REQUIRED ACTION =>
No picture belongs in the answer, which must hold exactly the lines from the one with "2月14日,在浙江長興縣和平" through the final line below.

Data items:
►
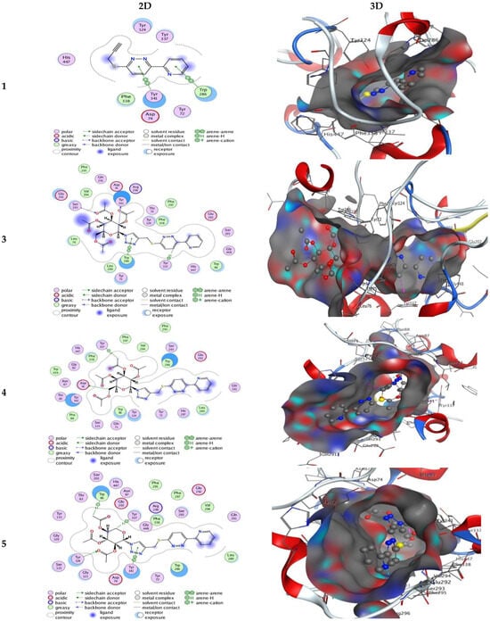 In comparison, compound 6, the diastereomer of compound 5 with an acylated ribofuranosyl moiety, displayed much weaker inhibition (IC50 = 9.152 µM for AChE, 31.99 µM for BuChE) and a lower docking score (−6.35 kcal/mol). Despite multiple hydrogen bonds and pi–pi interactions with residues such as Trp 286, its stereochemistry appears to hinder effective alignment within the active site, highlighting the critical impact of stereochemistry on enzyme inhibition.
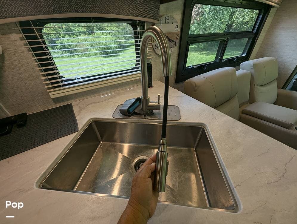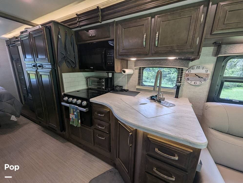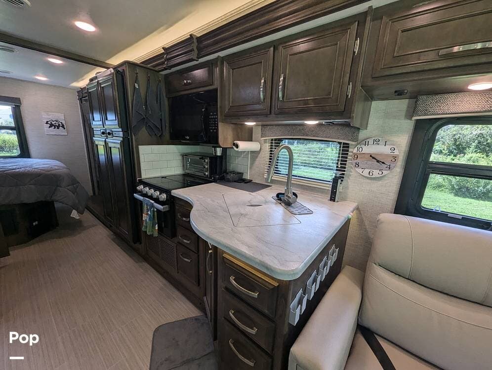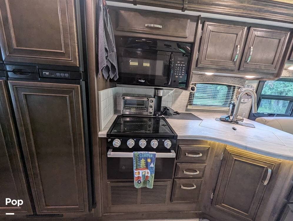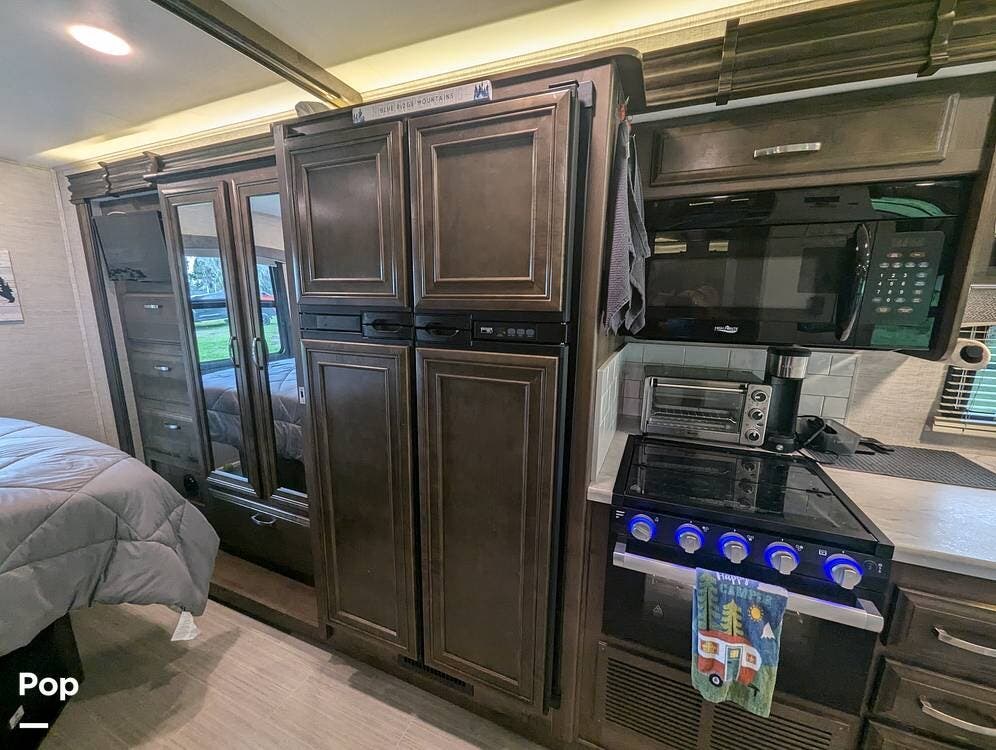 This Entegra has an excellent floor plan! The full-side slide opens this coach for comfortable living. The galley is well-appointed for entertaining and preparing meals. The sink is large, and there is a 4-door refrigerator!
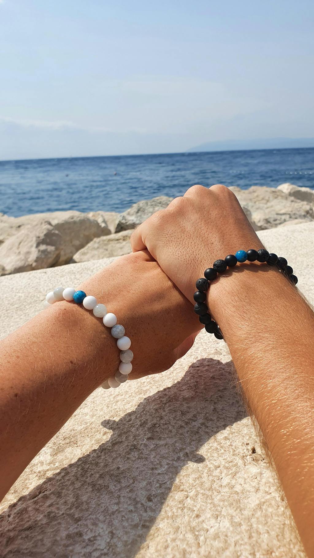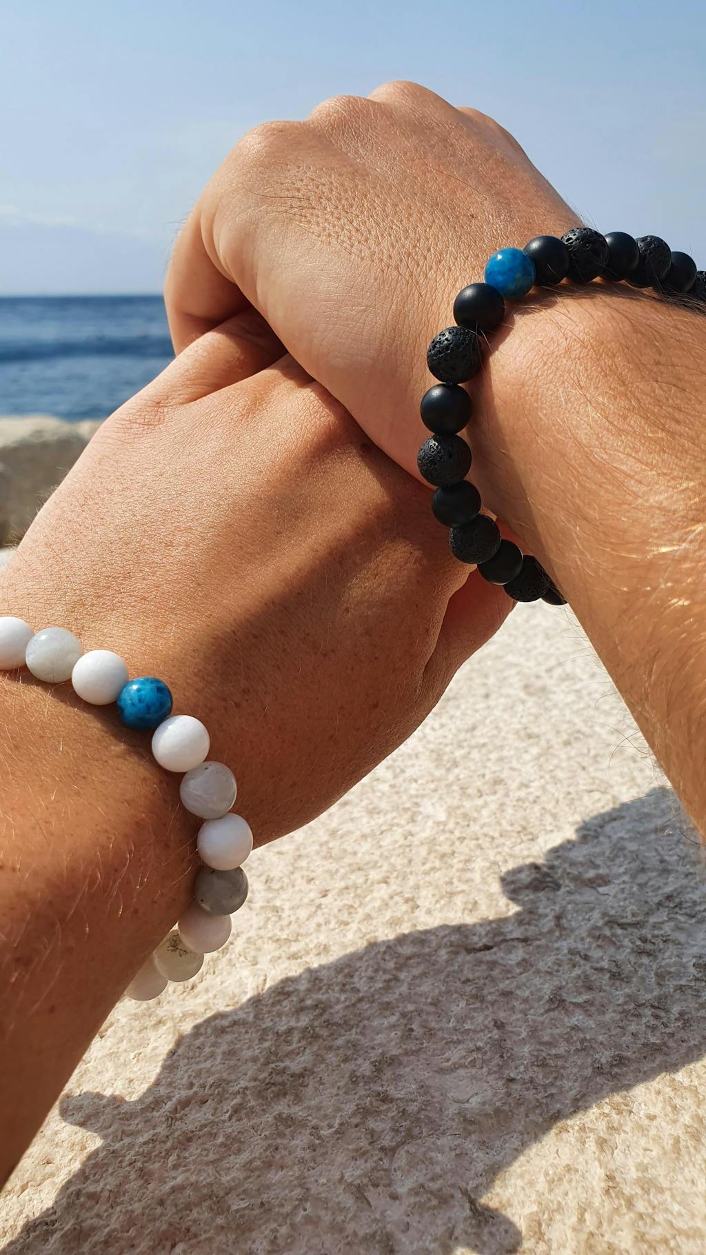 Infinity Gemstone Bracelet Handemade by Manipura with Black Lava Mat Onyx and Apatite 10mm
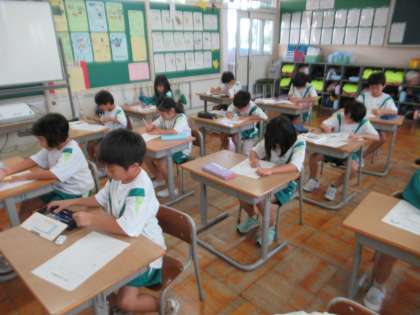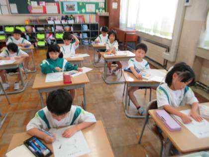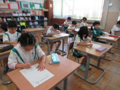 10月12日(木)1年生 はっけんかあど 公開日 2023/10/12 更新日 2023/10/12 1年生 あさがおのつるで作ったリースの絵を描いています。リースを作った感想や、お友達の作品を見て、どんなところがすてきかなどについて書きました。
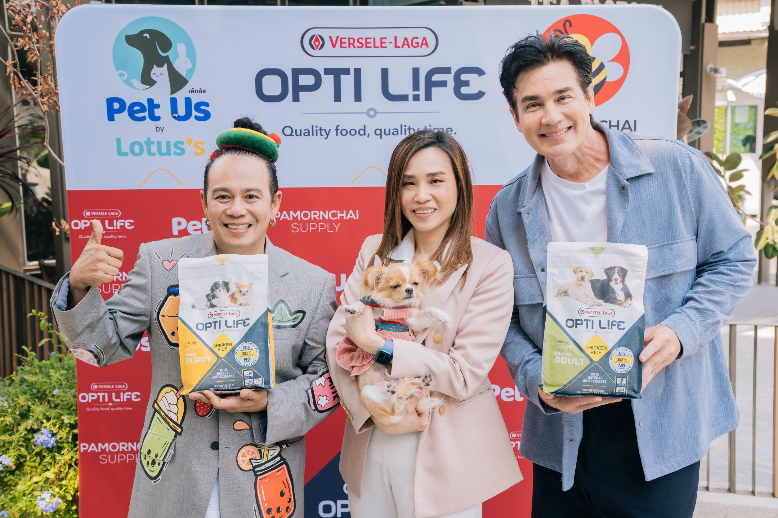Pet Us (เพ็ทอัส) ธุรกิจเพื่อสัตว์เลี้ยงครบวงจรโดยโลตัส จับมือพันธมิตร คุณวิลลี่ คุณหอย และภมรชัย ซัพพลาย เปิดตัว Opti Life ผลิตภัณฑ์อาหารสุนัขแบรนด์ดังจากประเทศเบลเยียม ตอบโจทย์ทุกความต้องการของสุนัขทุกสายพันธุ์และทุกช่วงอายุ สูตรไม่มีกลูเตน มีโปรตีนชนิดเดียวในแต่ละสูตร ด้วยวัตถุดิบธรรมชาติที่คัดสรรจากแหล่งปลอดมลพิษส่งตรงจากเบลเยียม โดยร่วมลงนามความร่วมมือวางจำหน่ายสินค้าในร้าน Pet Us เป็นที่แรก เติมเต็มการเป็นเดสทิเนชั่นของคนรักสัตว์เลี้ยงด้วยสินค้าคุณภาพสูงในราคาที่เอื้อมถึง เป็นคลับของคนรักสัตว์เลี้ยงที่มีครบทั้งอาหารและอุปกรณ์สัตว์เลี้ยง บริการอาบน้ำตัดขน สัตวแพทย์ผู้เชี่ยวชาญ สะดวก ครบ จบในที่เดียว
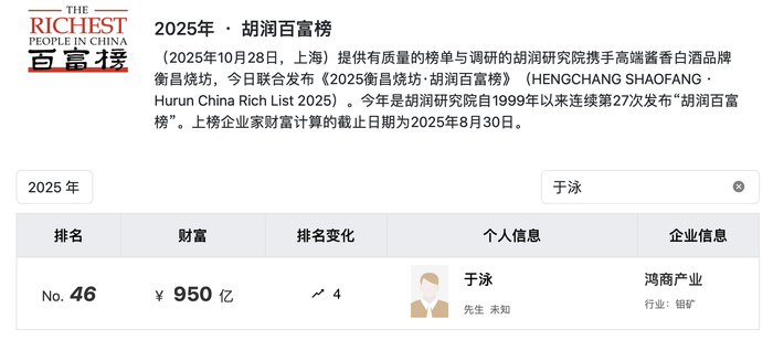 据《2025年胡润百富榜》,于泳的财富达950亿,排在第46名。
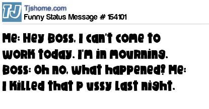 X Me: Hey Boss, I can't come to work today. I'm in mourning. Boss: Oh no, what happened? Me: I killed that p ussy last night.
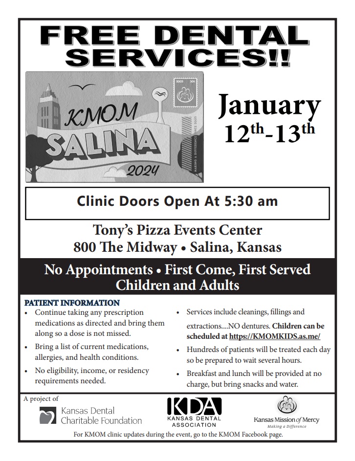 The Tony’s Pizza Events Center in Salina later this month will be turned into what will temporarily be one of the largest free dental clinics in the world. The Kansas Dental Charitable Foundation will host its annual “Kansas Mission of Mercy” free dental clinic on January 12th and January 13th.
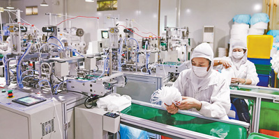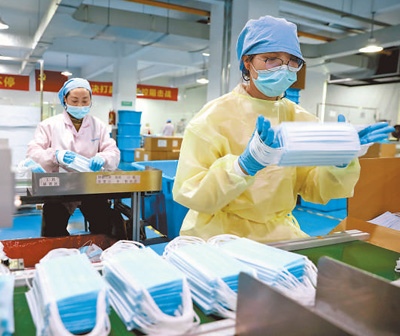 2月14日,在浙江長興縣和平鎮(zhèn)一家無紡布制品公司口罩生產(chǎn)車間,員工們在整理口罩。許 旭攝(人民視覺)
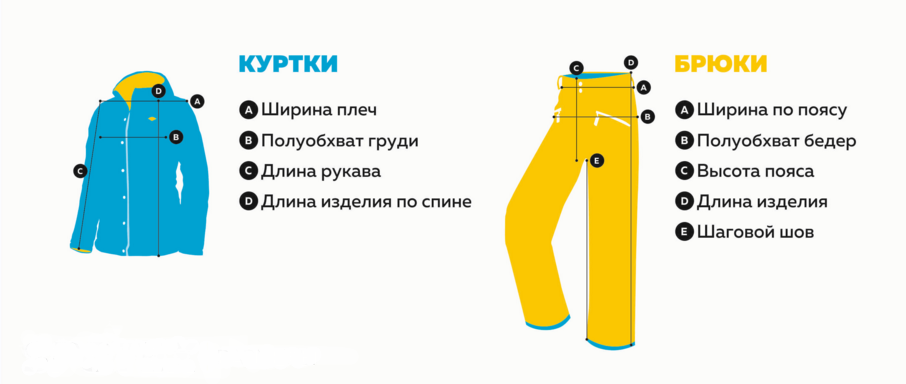 При измерениях стоит прибавлять к каждому показателю 1 см, так как под горнолыжный костюм Вы будете одевать термобельё и прочую одежду.
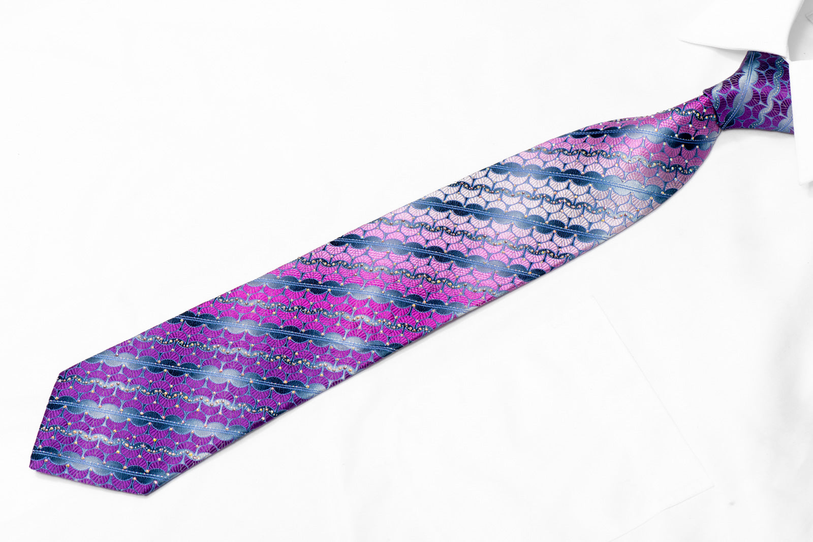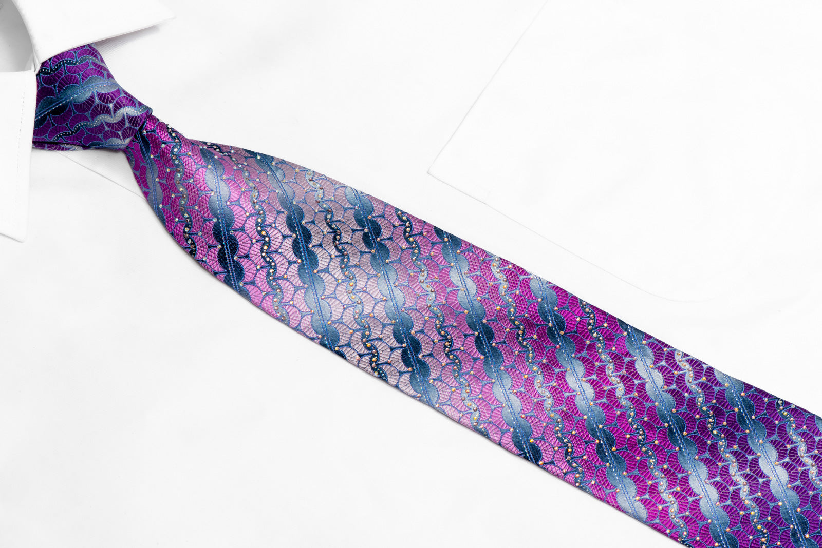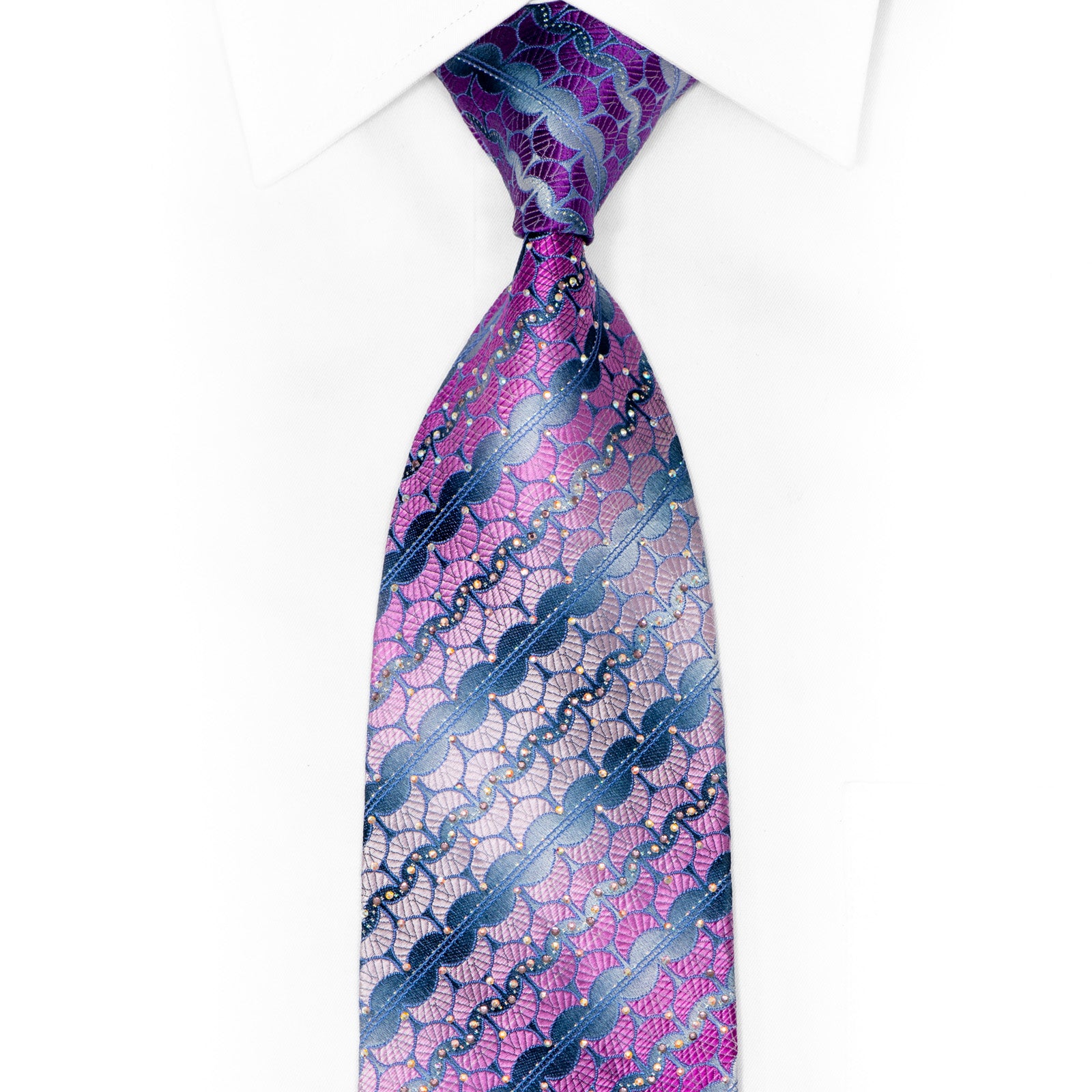 Pink Purple Geometric On Silver Rhinestone Silk Necktie With Sparkles
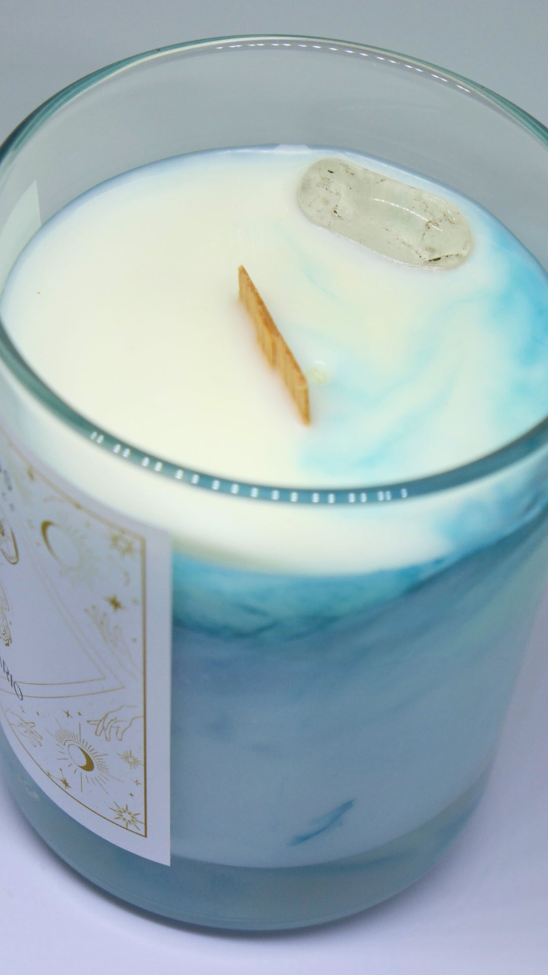 La cera de color azul claro y la amatista fomentan la calma mental, mientras que la fragancia del eucalipto favorece la renovación emocional y la albahaca la claridad mental.
◄
TASK ANSWER =>
 2月14日,在浙江長興縣和平鎮(zhèn)一家無紡布制品公司口罩生產(chǎn)車間,員工們在整理口罩。許 旭攝(人民視覺)
 При измерениях стоит прибавлять к каждому показателю 1 см, так как под горнолыжный костюм Вы будете одевать термобельё и прочую одежду.
 Pink Purple Geometric On Silver Rhinestone Silk Necktie With Sparkles
 La cera de color azul claro y la amatista fomentan la calma mental, mientras que la fragancia del eucalipto favorece la renovación emocional y la albahaca la claridad mental.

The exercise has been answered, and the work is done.